§ **Extracted material**:
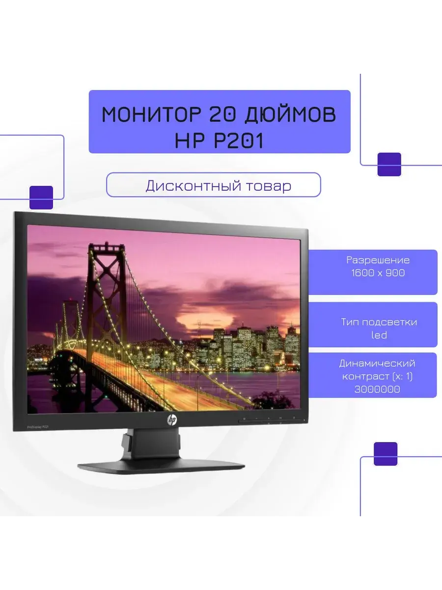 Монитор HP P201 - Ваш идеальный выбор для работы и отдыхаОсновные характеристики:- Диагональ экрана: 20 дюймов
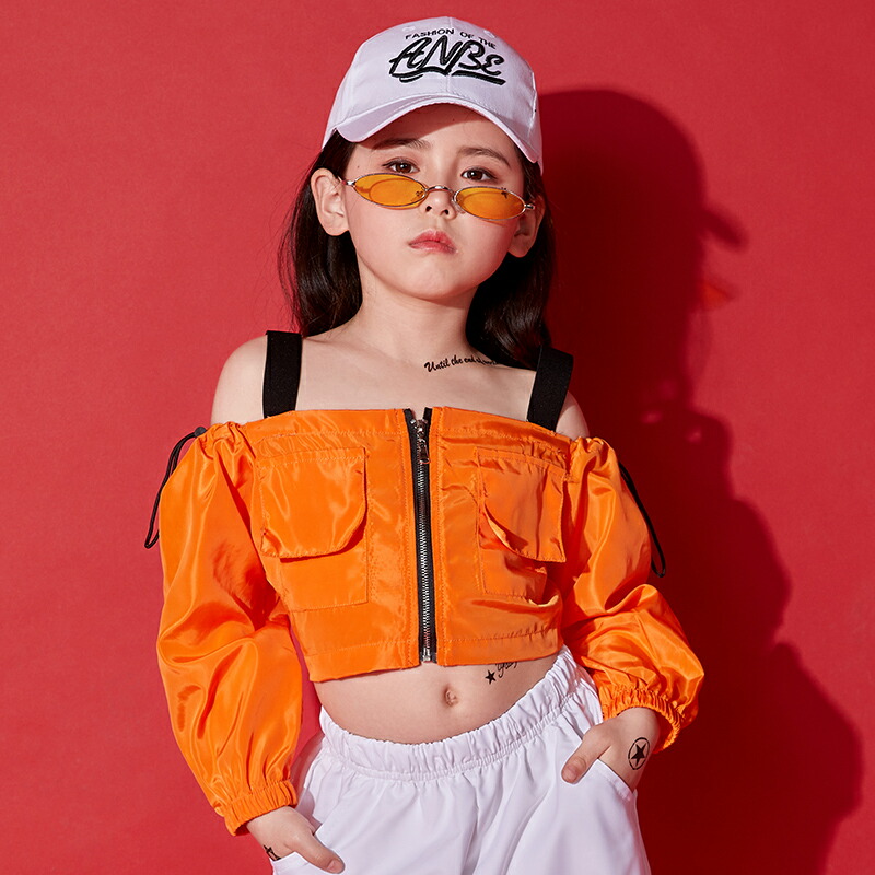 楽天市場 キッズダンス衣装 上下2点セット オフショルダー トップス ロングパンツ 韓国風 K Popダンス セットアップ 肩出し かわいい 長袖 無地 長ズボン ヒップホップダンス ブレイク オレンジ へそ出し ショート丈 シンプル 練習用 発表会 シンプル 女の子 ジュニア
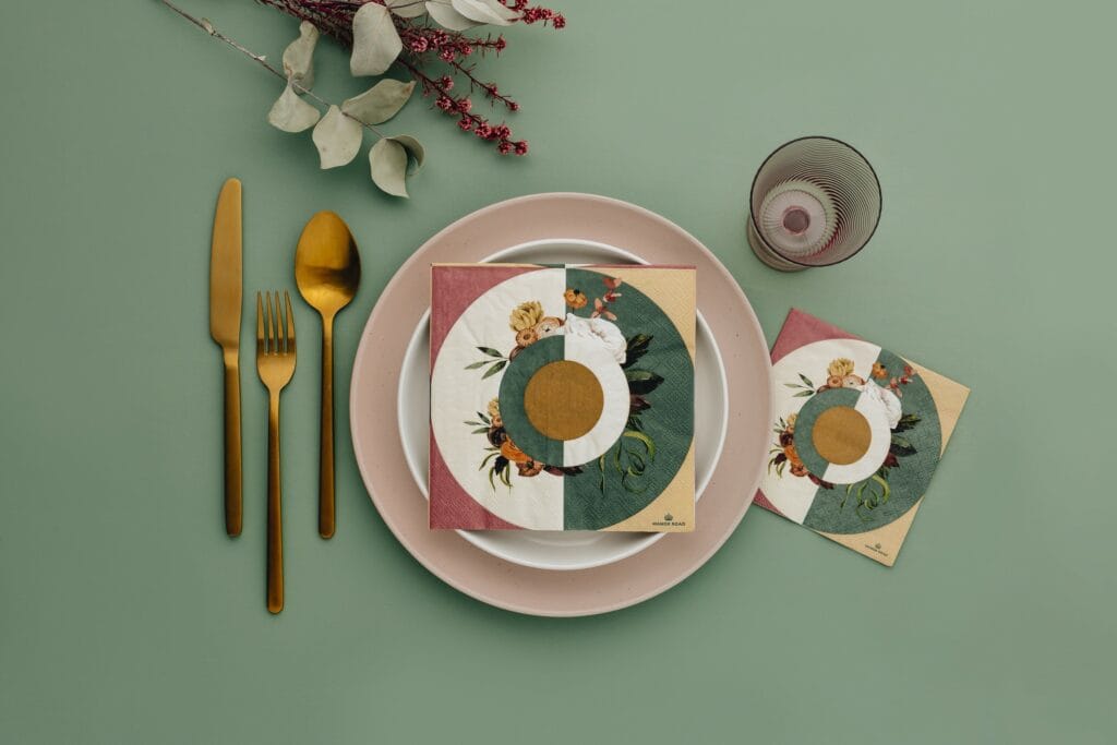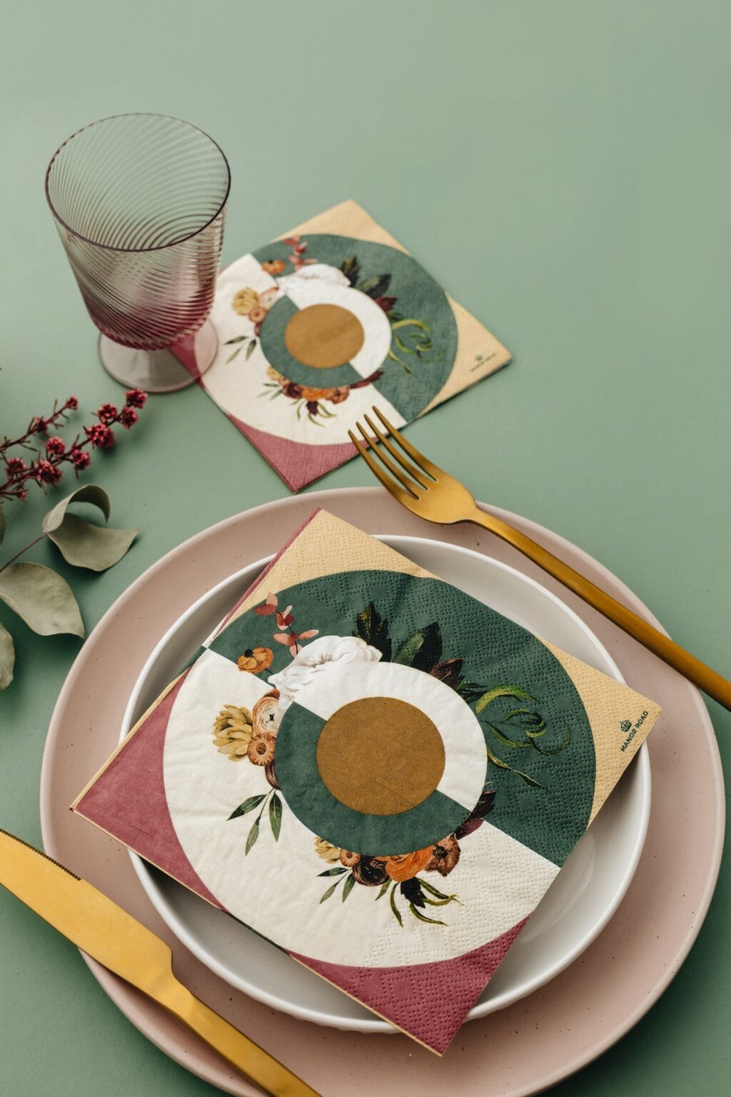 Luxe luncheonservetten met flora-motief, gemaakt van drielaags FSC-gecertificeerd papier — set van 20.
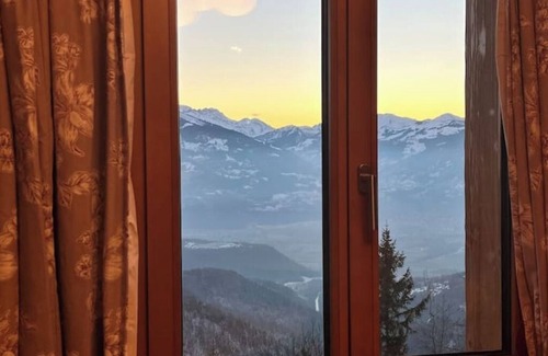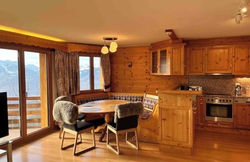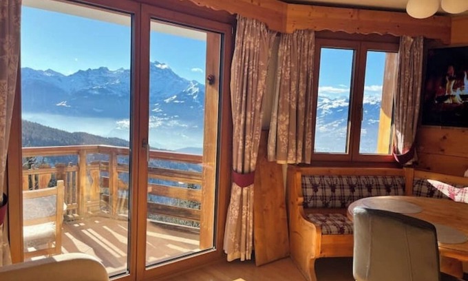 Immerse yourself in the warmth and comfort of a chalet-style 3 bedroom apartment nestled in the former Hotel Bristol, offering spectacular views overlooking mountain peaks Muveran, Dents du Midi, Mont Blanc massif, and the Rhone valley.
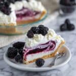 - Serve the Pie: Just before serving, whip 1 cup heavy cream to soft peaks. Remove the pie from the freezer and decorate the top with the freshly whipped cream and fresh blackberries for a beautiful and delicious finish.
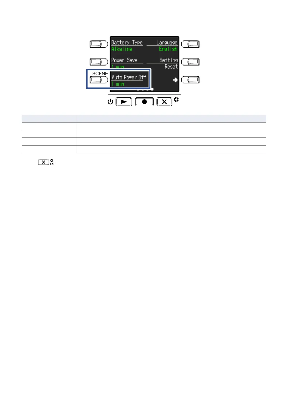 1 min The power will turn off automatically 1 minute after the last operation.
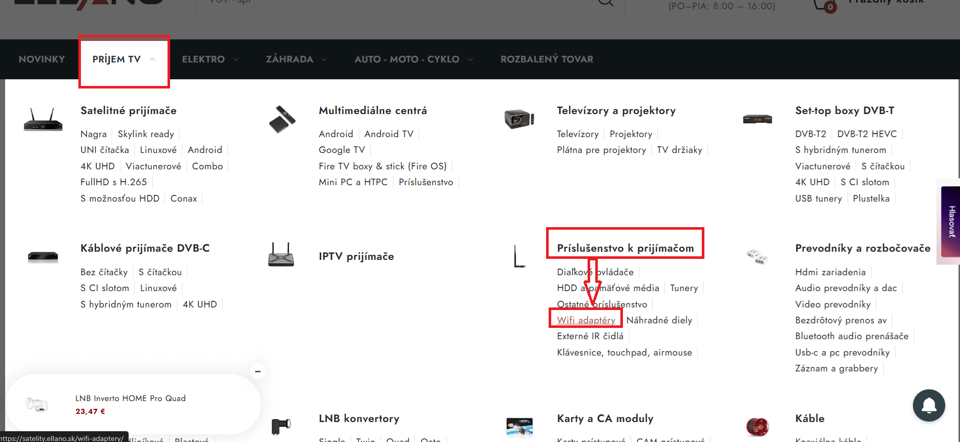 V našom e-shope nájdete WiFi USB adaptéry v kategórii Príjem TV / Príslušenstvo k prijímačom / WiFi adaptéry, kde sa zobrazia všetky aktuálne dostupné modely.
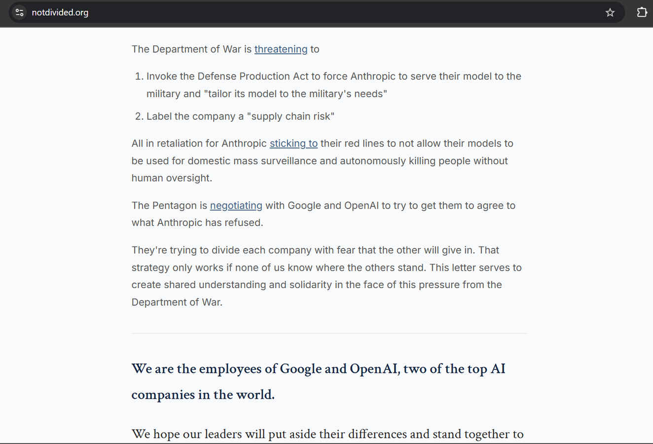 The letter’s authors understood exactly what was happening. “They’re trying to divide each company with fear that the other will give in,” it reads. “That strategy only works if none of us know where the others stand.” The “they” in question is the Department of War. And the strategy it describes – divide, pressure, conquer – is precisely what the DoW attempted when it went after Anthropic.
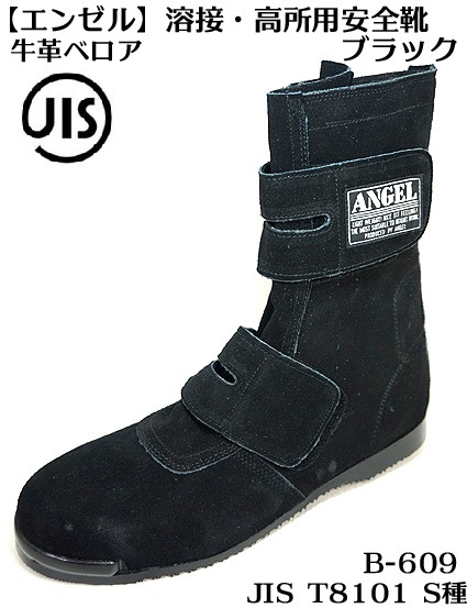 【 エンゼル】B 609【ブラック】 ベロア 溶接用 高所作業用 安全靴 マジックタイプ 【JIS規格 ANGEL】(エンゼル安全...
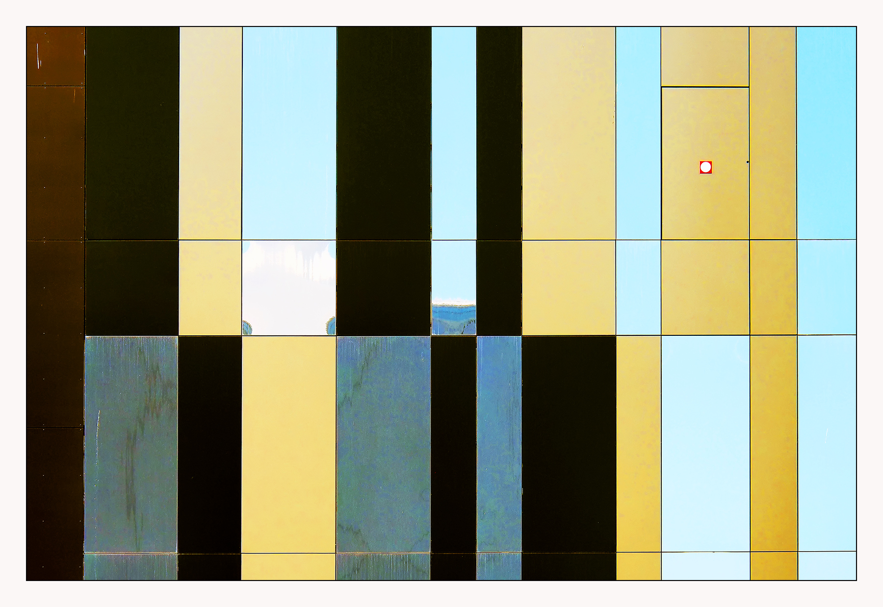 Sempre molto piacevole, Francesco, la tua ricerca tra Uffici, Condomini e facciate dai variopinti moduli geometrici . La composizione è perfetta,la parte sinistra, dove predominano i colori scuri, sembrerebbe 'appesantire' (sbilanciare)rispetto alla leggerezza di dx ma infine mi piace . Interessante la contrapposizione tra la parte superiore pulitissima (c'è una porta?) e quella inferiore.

§ **Work task**: Output exactly the lines from the one that has "V našom e-shope" through the end of the data. Do not include pictures.

§ **Completed exercise**:
 V našom e-shope nájdete WiFi USB adaptéry v kategórii Príjem TV / Príslušenstvo k prijímačom / WiFi adaptéry, kde sa zobrazia všetky aktuálne dostupné modely.
 The letter’s authors understood exactly what was happening. “They’re trying to divide each company with fear that the other will give in,” it reads. “That strategy only works if none of us know where the others stand.” The “they” in question is the Department of War. And the strategy it describes – divide, pressure, conquer – is precisely what the DoW attempted when it went after Anthropic.
 【 エンゼル】B 609【ブラック】 ベロア 溶接用 高所作業用 安全靴 マジックタイプ 【JIS規格 ANGEL】(エンゼル安全...
 Sempre molto piacevole, Francesco, la tua ricerca tra Uffici, Condomini e facciate dai variopinti moduli geometrici . La composizione è perfetta,la parte sinistra, dove predominano i colori scuri, sembrerebbe 'appesantire' (sbilanciare)rispetto alla leggerezza di dx ma infine mi piace . Interessante la contrapposizione tra la parte superiore pulitissima (c'è una porta?) e quella inferiore.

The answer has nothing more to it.